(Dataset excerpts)
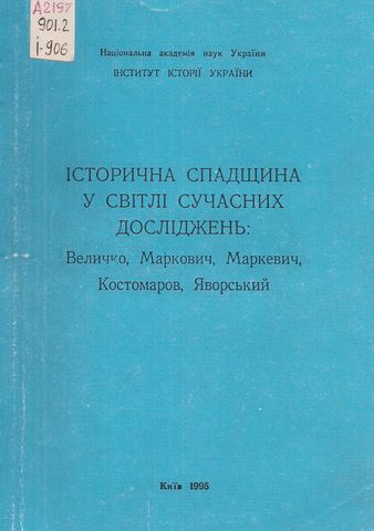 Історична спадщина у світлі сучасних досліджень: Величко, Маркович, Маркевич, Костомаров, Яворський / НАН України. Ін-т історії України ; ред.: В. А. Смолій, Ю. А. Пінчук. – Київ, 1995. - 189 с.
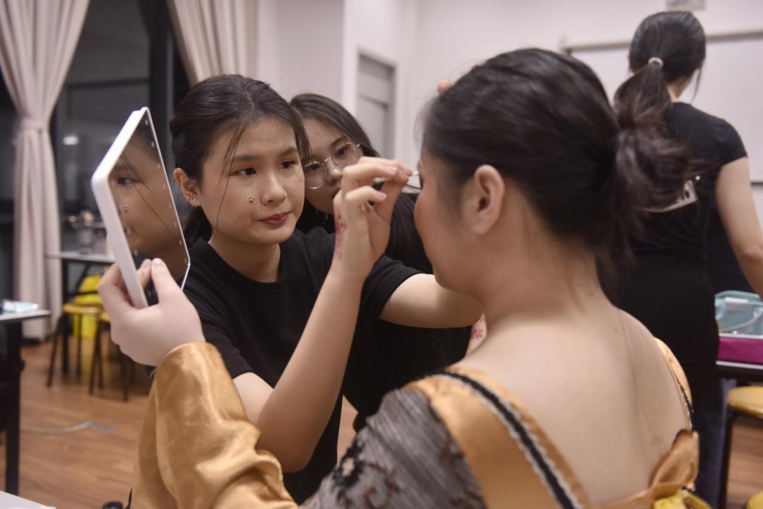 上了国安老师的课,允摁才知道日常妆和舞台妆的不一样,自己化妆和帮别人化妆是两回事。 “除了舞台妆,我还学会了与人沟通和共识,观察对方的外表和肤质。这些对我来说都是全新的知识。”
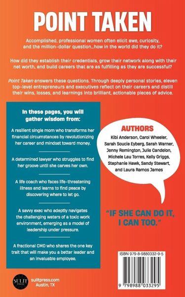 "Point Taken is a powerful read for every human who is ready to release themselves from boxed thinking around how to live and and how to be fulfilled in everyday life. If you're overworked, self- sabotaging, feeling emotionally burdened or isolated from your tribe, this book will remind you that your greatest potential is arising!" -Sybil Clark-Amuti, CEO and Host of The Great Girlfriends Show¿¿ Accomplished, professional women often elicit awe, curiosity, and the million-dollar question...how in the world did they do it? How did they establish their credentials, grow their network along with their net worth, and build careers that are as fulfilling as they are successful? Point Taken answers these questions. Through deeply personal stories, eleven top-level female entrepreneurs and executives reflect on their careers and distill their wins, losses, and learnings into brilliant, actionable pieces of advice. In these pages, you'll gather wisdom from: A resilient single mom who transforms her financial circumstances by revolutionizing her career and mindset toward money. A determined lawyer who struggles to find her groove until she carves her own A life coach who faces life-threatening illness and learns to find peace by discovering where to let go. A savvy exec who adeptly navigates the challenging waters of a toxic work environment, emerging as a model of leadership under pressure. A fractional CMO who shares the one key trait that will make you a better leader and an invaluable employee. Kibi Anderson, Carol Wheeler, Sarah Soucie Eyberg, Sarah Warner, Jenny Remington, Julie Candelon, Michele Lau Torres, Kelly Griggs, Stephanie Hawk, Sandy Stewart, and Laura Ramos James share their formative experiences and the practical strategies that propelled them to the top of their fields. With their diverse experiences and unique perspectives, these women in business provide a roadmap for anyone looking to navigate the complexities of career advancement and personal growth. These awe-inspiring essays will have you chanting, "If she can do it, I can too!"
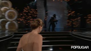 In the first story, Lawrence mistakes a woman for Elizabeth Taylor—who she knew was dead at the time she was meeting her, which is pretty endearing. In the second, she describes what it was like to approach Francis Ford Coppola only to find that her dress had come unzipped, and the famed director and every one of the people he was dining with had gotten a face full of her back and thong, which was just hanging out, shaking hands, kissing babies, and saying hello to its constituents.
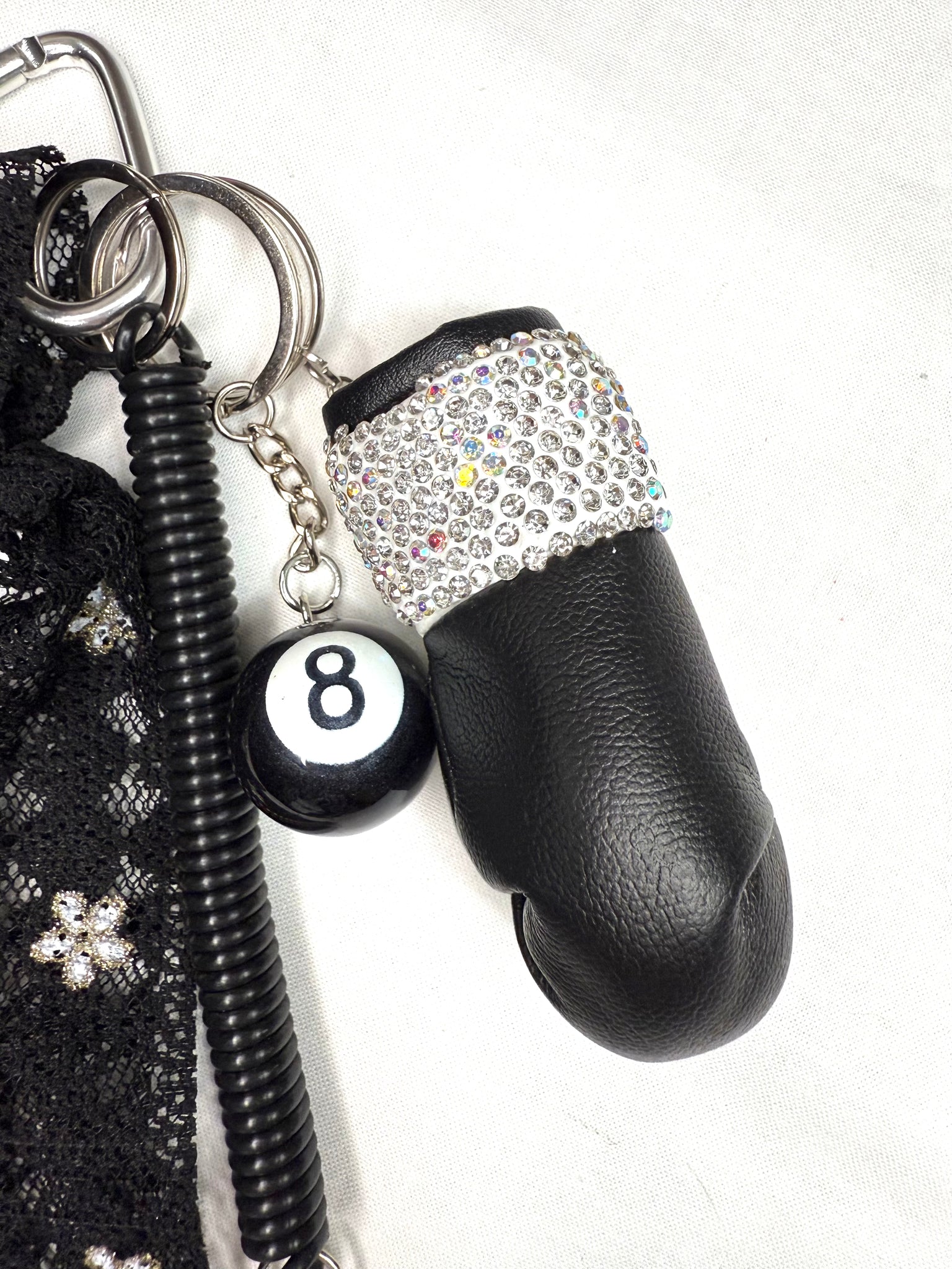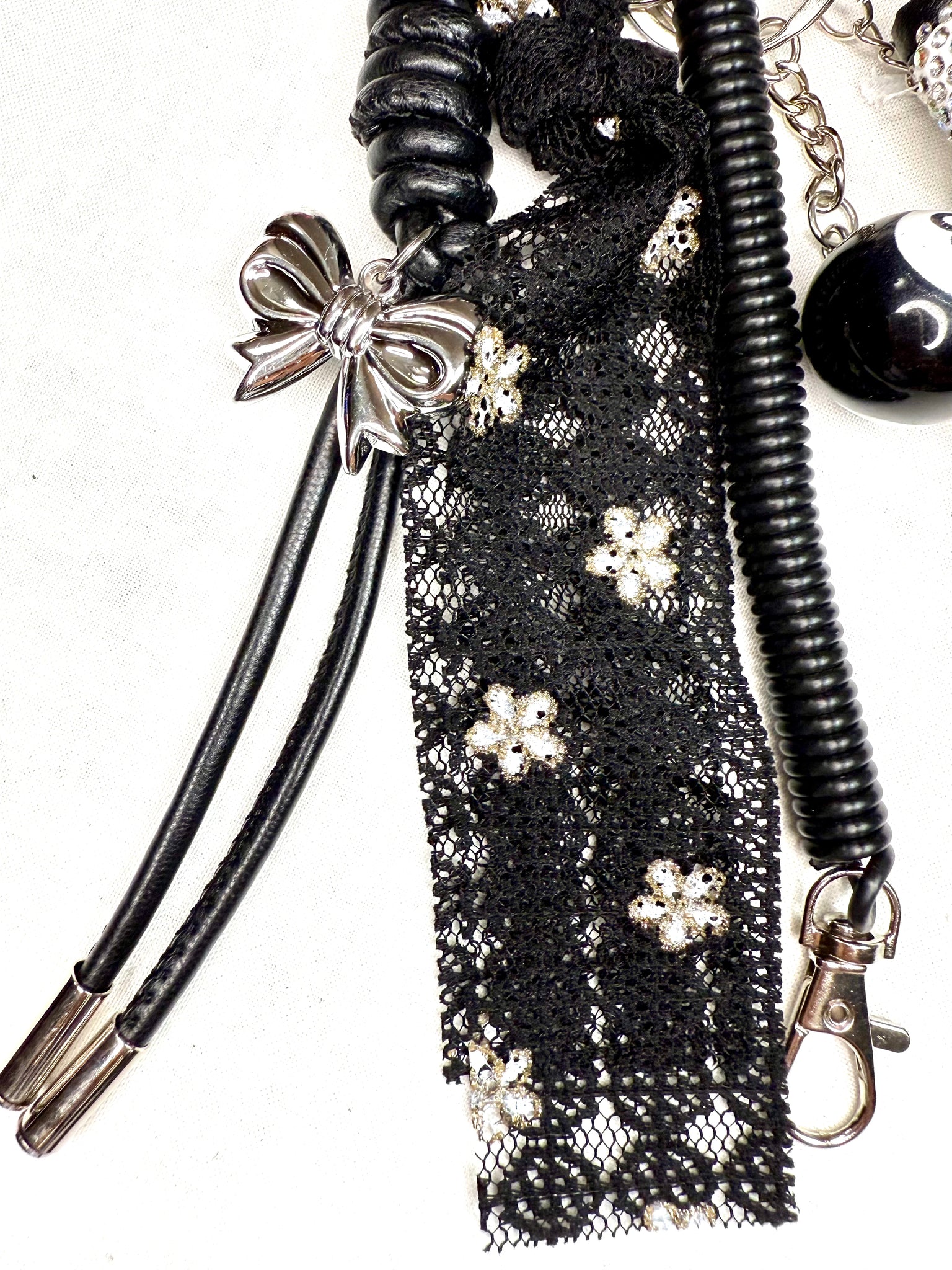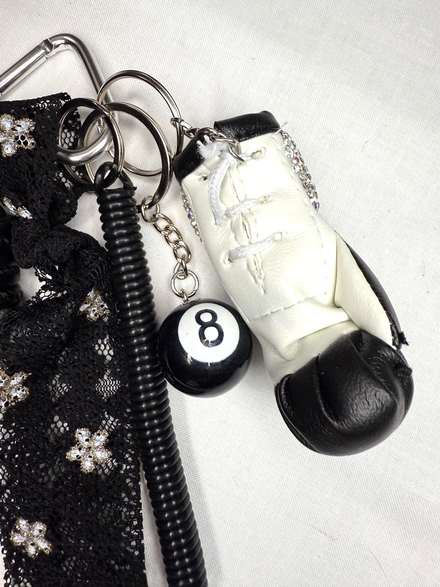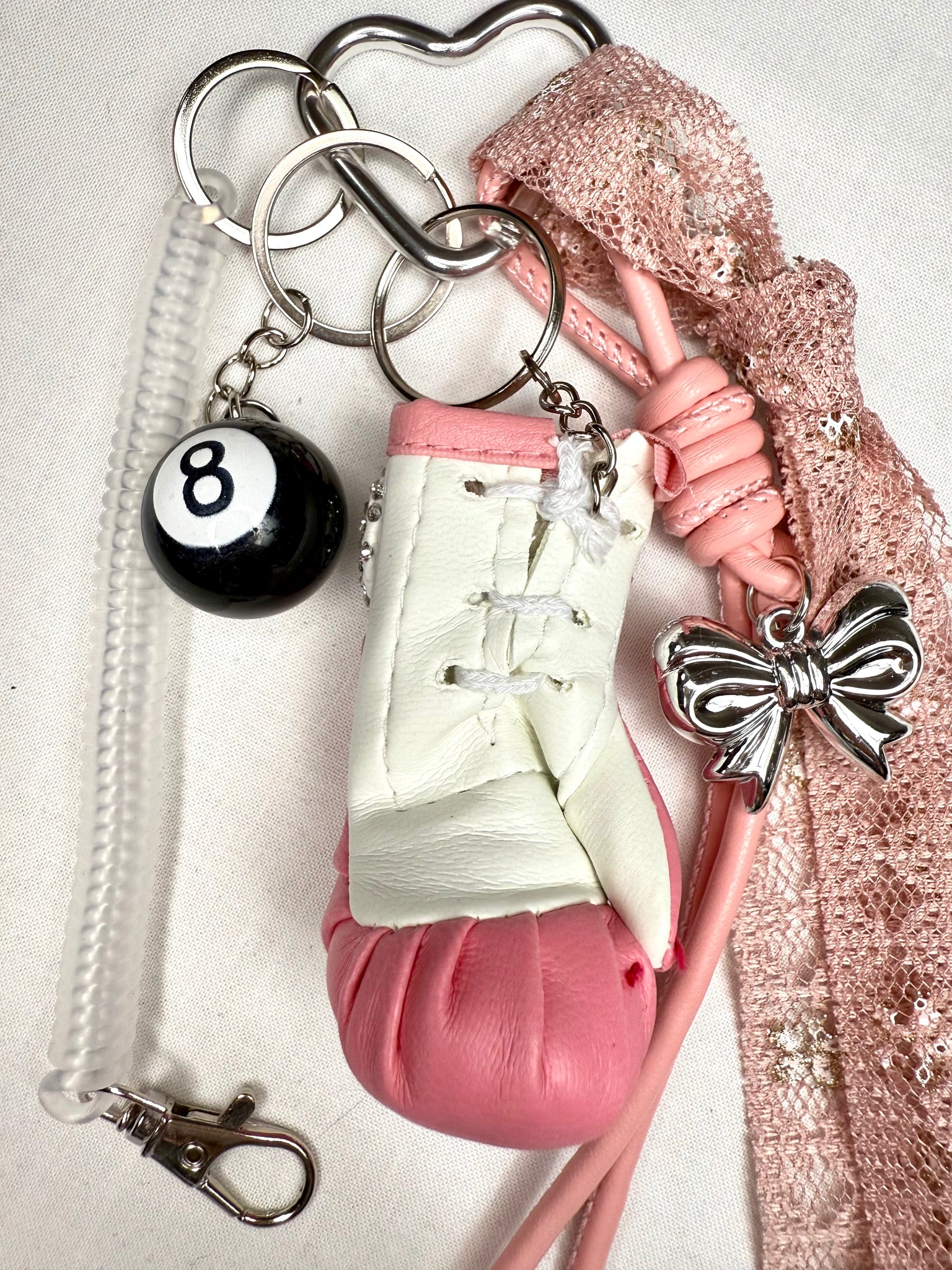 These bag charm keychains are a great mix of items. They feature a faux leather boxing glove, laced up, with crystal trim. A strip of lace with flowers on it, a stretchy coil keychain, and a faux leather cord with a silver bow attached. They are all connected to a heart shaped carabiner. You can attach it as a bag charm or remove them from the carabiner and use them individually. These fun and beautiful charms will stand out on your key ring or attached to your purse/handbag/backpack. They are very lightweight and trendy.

● **WHAT IS NEEDED**: Quote every line of the records above exactly; no picture is to be copied.

● **SOLUTION TO THIS TASK**:
 Історична спадщина у світлі сучасних досліджень: Величко, Маркович, Маркевич, Костомаров, Яворський / НАН України. Ін-т історії України ; ред.: В. А. Смолій, Ю. А. Пінчук. – Київ, 1995. - 189 с.
 上了国安老师的课,允摁才知道日常妆和舞台妆的不一样,自己化妆和帮别人化妆是两回事。 “除了舞台妆,我还学会了与人沟通和共识,观察对方的外表和肤质。这些对我来说都是全新的知识。”
 "Point Taken is a powerful read for every human who is ready to release themselves from boxed thinking around how to live and and how to be fulfilled in everyday life. If you're overworked, self- sabotaging, feeling emotionally burdened or isolated from your tribe, this book will remind you that your greatest potential is arising!" -Sybil Clark-Amuti, CEO and Host of The Great Girlfriends Show¿¿ Accomplished, professional women often elicit awe, curiosity, and the million-dollar question...how in the world did they do it? How did they establish their credentials, grow their network along with their net worth, and build careers that are as fulfilling as they are successful? Point Taken answers these questions. Through deeply personal stories, eleven top-level female entrepreneurs and executives reflect on their careers and distill their wins, losses, and learnings into brilliant, actionable pieces of advice. In these pages, you'll gather wisdom from: A resilient single mom who transforms her financial circumstances by revolutionizing her career and mindset toward money. A determined lawyer who struggles to find her groove until she carves her own A life coach who faces life-threatening illness and learns to find peace by discovering where to let go. A savvy exec who adeptly navigates the challenging waters of a toxic work environment, emerging as a model of leadership under pressure. A fractional CMO who shares the one key trait that will make you a better leader and an invaluable employee. Kibi Anderson, Carol Wheeler, Sarah Soucie Eyberg, Sarah Warner, Jenny Remington, Julie Candelon, Michele Lau Torres, Kelly Griggs, Stephanie Hawk, Sandy Stewart, and Laura Ramos James share their formative experiences and the practical strategies that propelled them to the top of their fields. With their diverse experiences and unique perspectives, these women in business provide a roadmap for anyone looking to navigate the complexities of career advancement and personal growth. These awe-inspiring essays will have you chanting, "If she can do it, I can too!"
 In the first story, Lawrence mistakes a woman for Elizabeth Taylor—who she knew was dead at the time she was meeting her, which is pretty endearing. In the second, she describes what it was like to approach Francis Ford Coppola only to find that her dress had come unzipped, and the famed director and every one of the people he was dining with had gotten a face full of her back and thong, which was just hanging out, shaking hands, kissing babies, and saying hello to its constituents.
 These bag charm keychains are a great mix of items. They feature a faux leather boxing glove, laced up, with crystal trim. A strip of lace with flowers on it, a stretchy coil keychain, and a faux leather cord with a silver bow attached. They are all connected to a heart shaped carabiner. You can attach it as a bag charm or remove them from the carabiner and use them individually. These fun and beautiful charms will stand out on your key ring or attached to your purse/handbag/backpack. They are very lightweight and trendy.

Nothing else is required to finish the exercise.